## What you are asked to do
An exact copy is required of the lines running from the one that contains "地下鉄の駅から地上に上がると辺り一面がイルミネーションで彩られ" to the end of the material, both ends included, with pictures omitted.
───── Records provided ─────
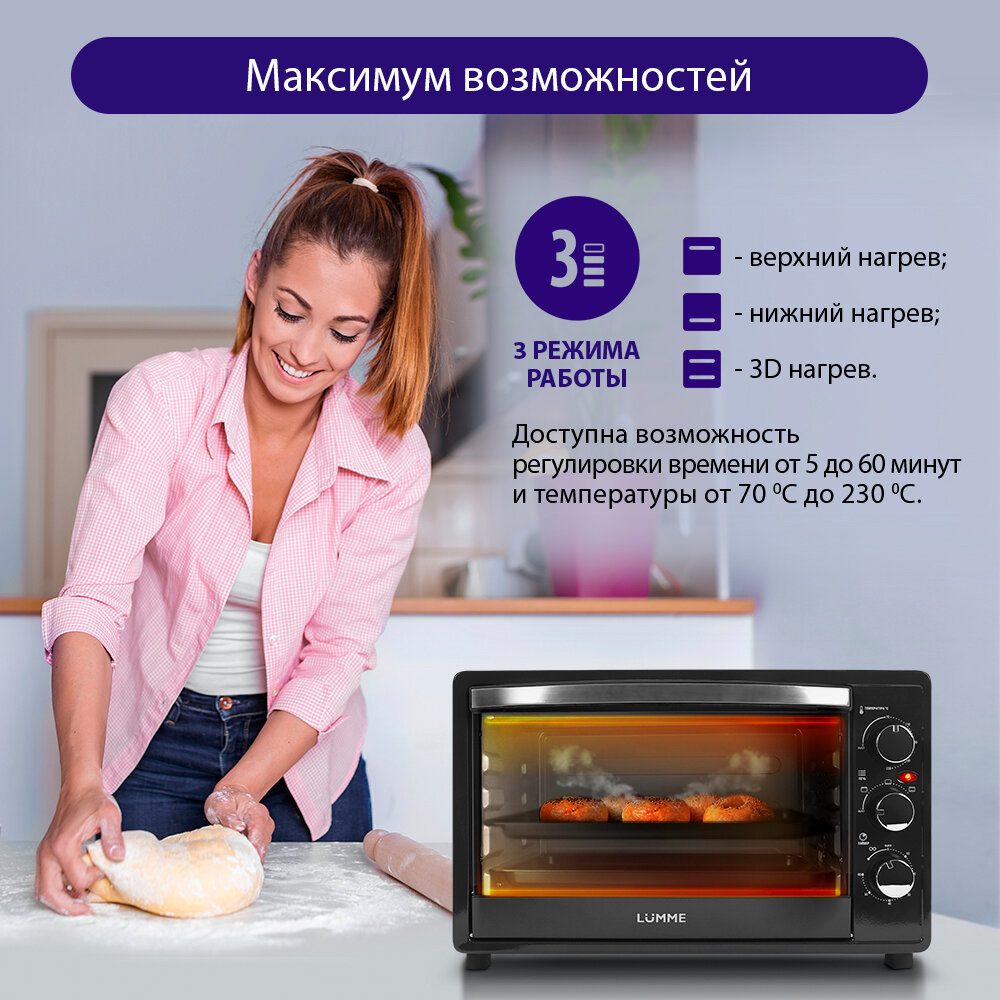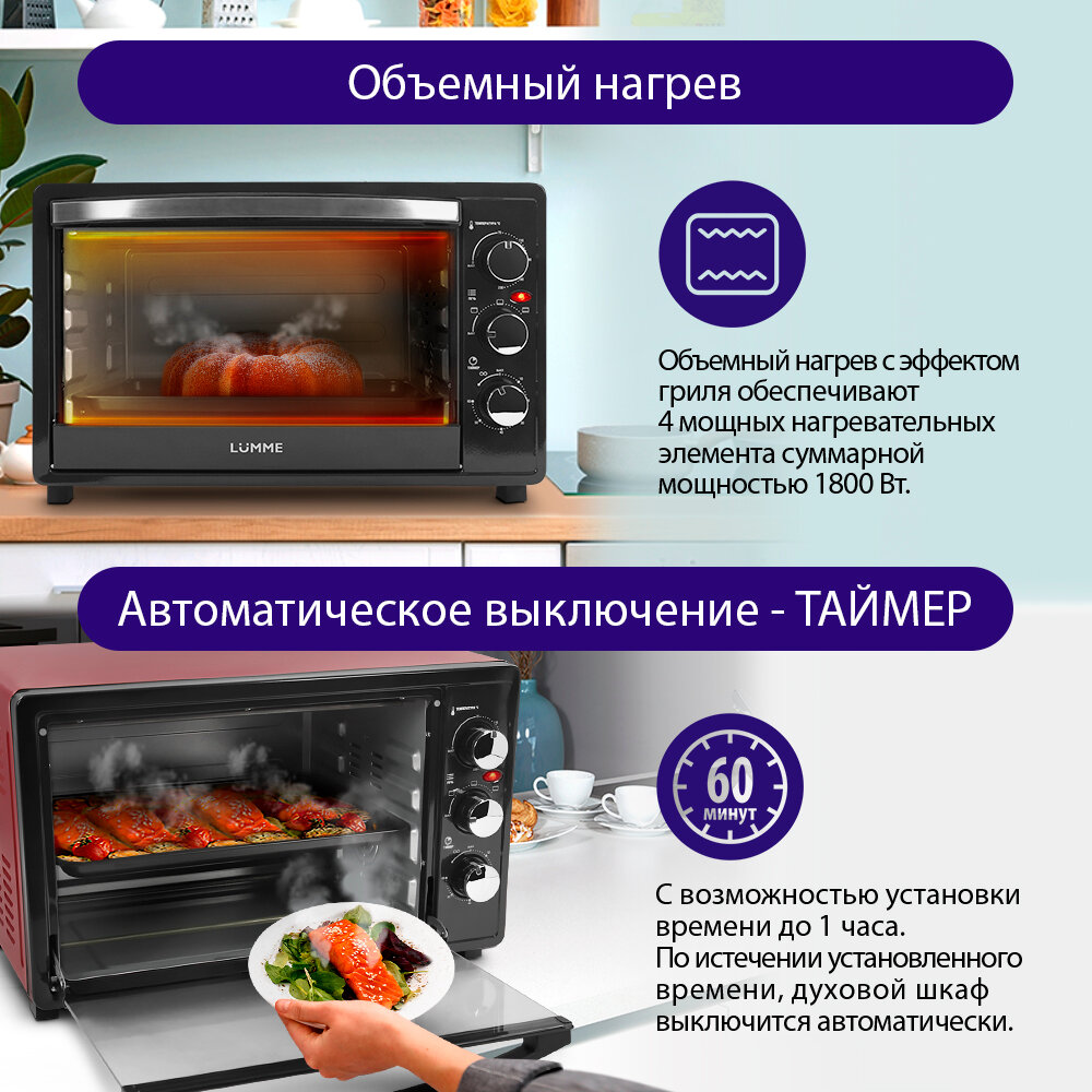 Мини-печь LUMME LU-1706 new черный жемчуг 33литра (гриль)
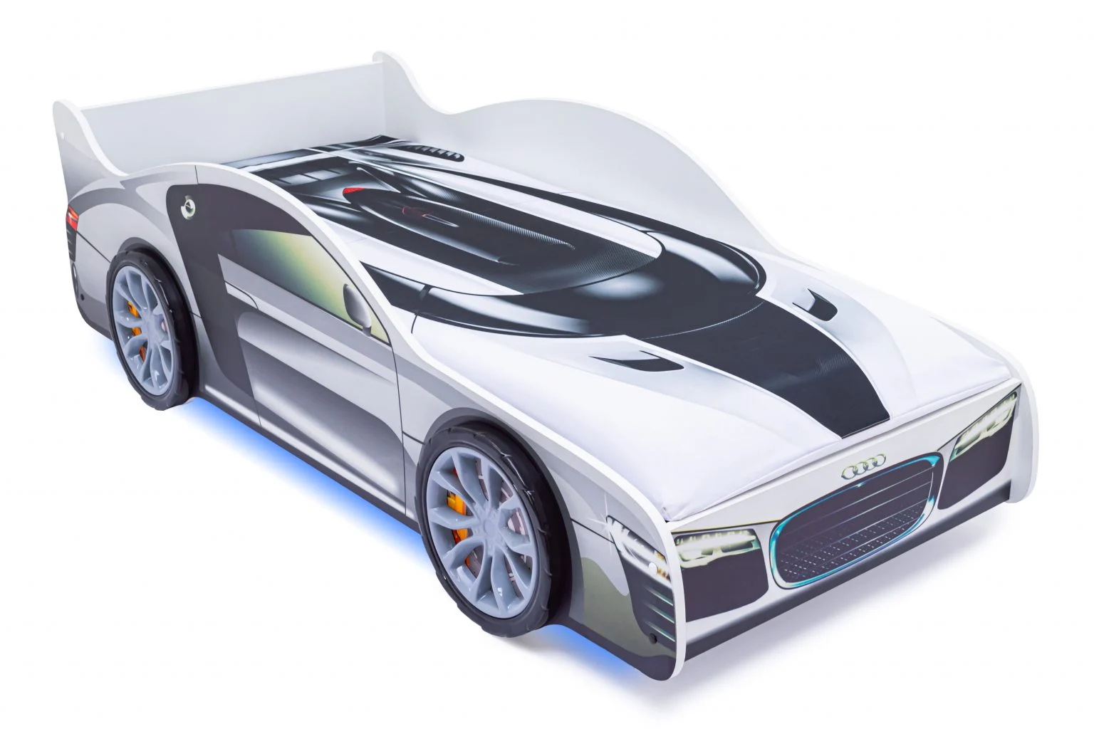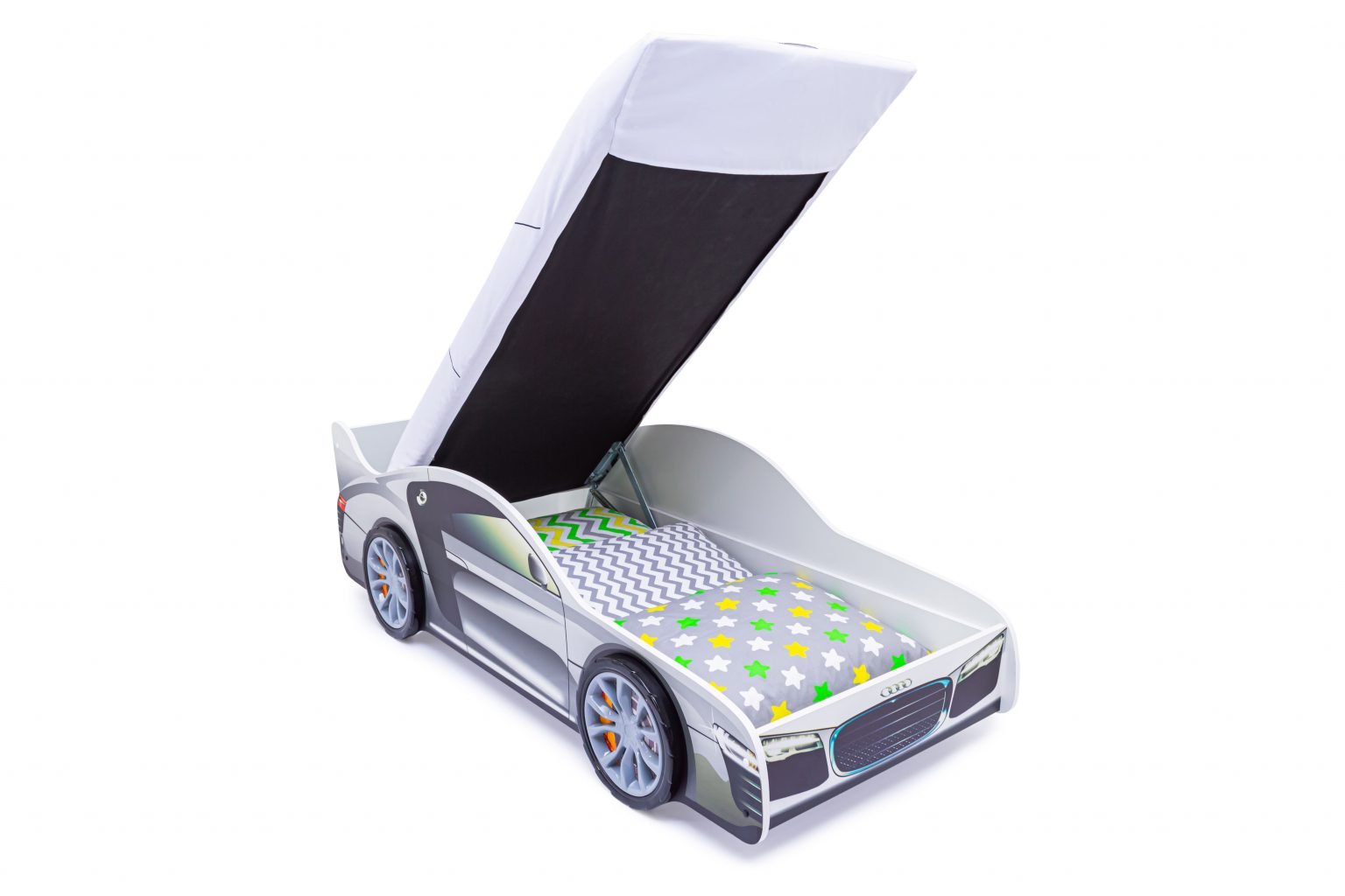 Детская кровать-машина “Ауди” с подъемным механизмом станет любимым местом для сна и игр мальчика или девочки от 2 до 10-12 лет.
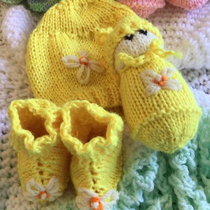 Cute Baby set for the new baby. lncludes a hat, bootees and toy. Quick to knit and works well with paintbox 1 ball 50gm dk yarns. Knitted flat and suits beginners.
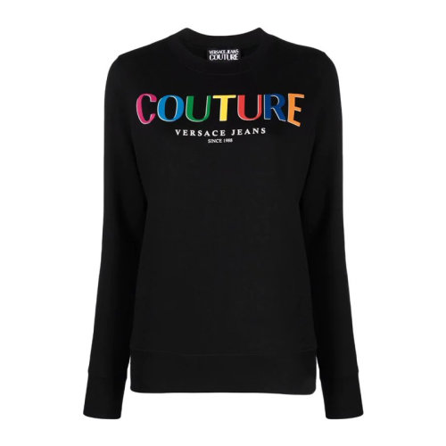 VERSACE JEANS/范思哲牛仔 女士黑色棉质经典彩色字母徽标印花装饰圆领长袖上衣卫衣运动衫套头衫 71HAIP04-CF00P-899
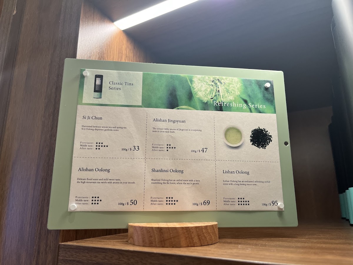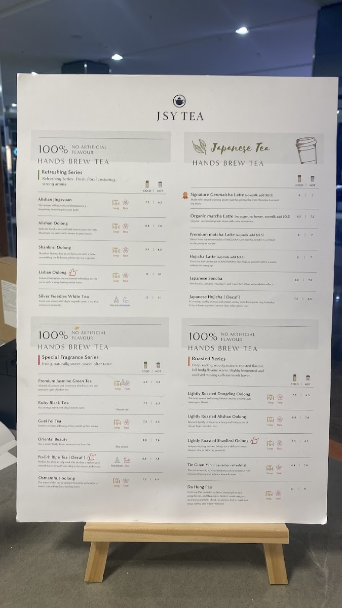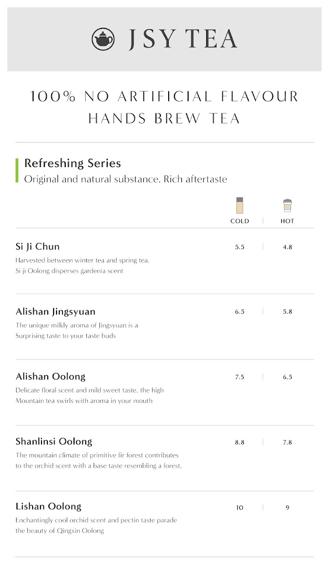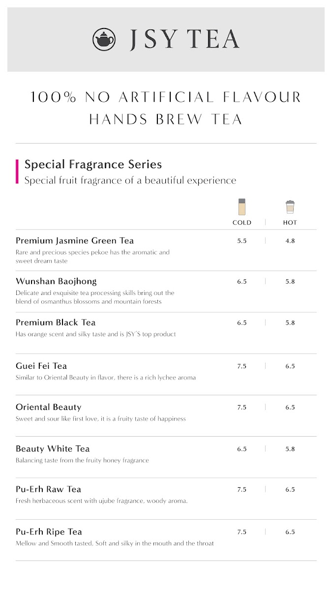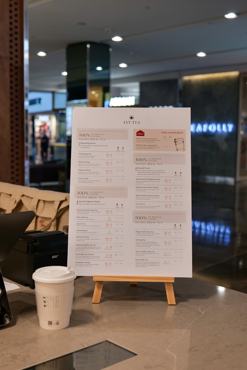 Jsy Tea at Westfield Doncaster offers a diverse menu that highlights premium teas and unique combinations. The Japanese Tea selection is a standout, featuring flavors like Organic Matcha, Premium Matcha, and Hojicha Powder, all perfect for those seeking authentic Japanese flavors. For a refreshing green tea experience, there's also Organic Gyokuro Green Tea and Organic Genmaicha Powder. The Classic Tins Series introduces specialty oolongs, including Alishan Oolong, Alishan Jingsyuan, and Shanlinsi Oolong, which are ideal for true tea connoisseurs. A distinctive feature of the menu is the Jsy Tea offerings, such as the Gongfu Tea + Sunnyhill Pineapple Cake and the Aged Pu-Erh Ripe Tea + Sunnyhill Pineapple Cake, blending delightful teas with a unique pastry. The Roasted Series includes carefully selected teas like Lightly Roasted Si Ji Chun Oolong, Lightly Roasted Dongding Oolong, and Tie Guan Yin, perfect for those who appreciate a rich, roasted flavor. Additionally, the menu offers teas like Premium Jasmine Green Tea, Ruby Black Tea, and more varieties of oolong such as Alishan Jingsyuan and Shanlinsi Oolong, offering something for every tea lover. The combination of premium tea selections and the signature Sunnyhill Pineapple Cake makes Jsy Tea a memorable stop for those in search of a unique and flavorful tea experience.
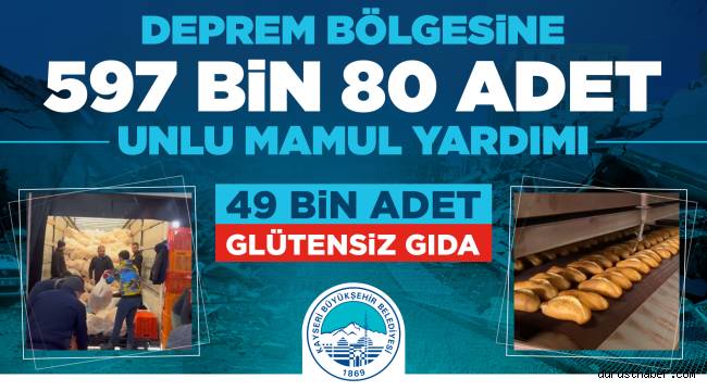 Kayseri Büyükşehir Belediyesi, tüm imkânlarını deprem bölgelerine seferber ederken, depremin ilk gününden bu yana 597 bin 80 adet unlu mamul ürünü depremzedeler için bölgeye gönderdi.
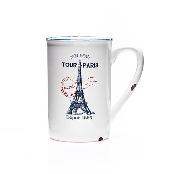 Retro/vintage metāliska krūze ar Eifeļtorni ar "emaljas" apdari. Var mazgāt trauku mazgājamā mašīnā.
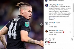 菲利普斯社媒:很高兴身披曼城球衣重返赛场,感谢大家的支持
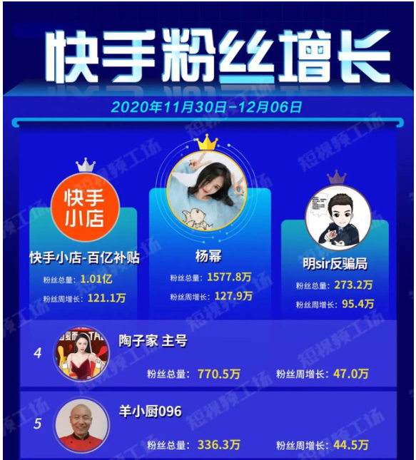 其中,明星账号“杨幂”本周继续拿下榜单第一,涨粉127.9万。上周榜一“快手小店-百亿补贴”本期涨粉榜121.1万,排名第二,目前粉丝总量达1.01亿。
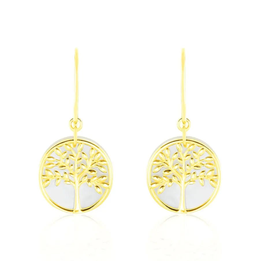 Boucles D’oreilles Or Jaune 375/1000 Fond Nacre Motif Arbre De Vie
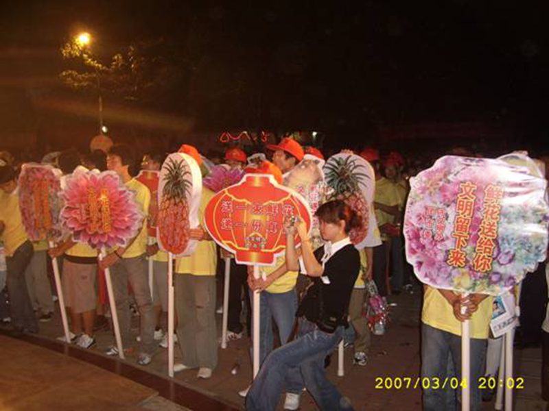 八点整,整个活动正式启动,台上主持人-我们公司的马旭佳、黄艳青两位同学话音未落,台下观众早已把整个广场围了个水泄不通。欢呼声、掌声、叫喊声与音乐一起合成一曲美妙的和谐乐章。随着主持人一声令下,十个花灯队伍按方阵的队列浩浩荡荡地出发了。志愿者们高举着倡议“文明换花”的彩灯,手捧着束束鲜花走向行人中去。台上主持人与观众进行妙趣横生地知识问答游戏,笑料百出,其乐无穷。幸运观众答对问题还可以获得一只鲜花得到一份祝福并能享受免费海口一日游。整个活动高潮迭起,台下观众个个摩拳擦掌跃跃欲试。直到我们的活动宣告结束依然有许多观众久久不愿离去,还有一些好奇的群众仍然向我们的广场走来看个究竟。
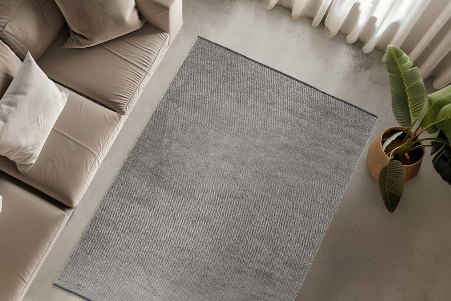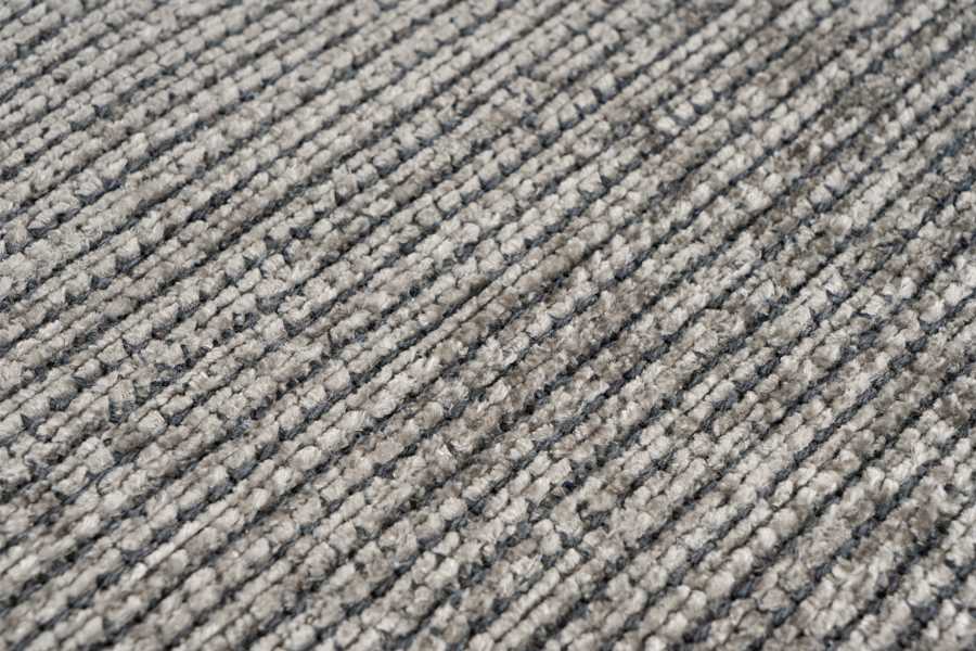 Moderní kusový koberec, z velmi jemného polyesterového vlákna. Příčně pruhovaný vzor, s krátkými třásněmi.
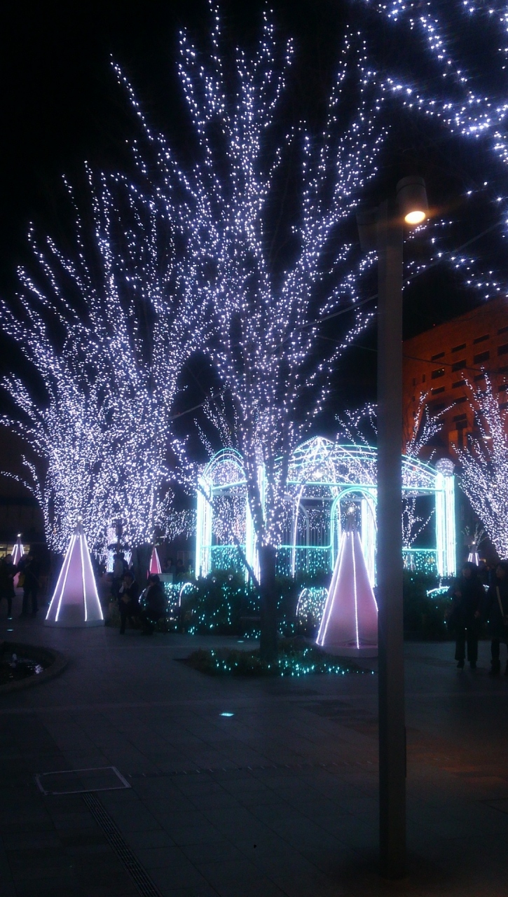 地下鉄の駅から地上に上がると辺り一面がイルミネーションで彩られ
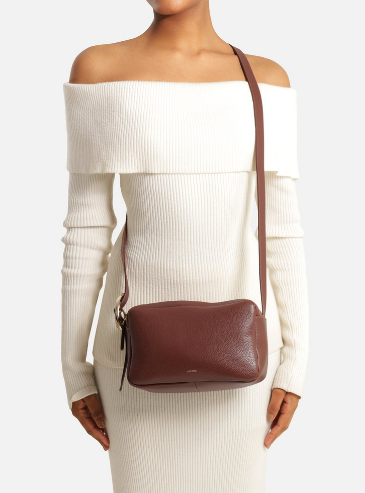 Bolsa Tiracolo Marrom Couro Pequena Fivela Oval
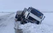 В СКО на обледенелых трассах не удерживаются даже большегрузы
─────
## Exercise response
 地下鉄の駅から地上に上がると辺り一面がイルミネーションで彩られ
 Bolsa Tiracolo Marrom Couro Pequena Fivela Oval
 В СКО на обледенелых трассах не удерживаются даже большегрузы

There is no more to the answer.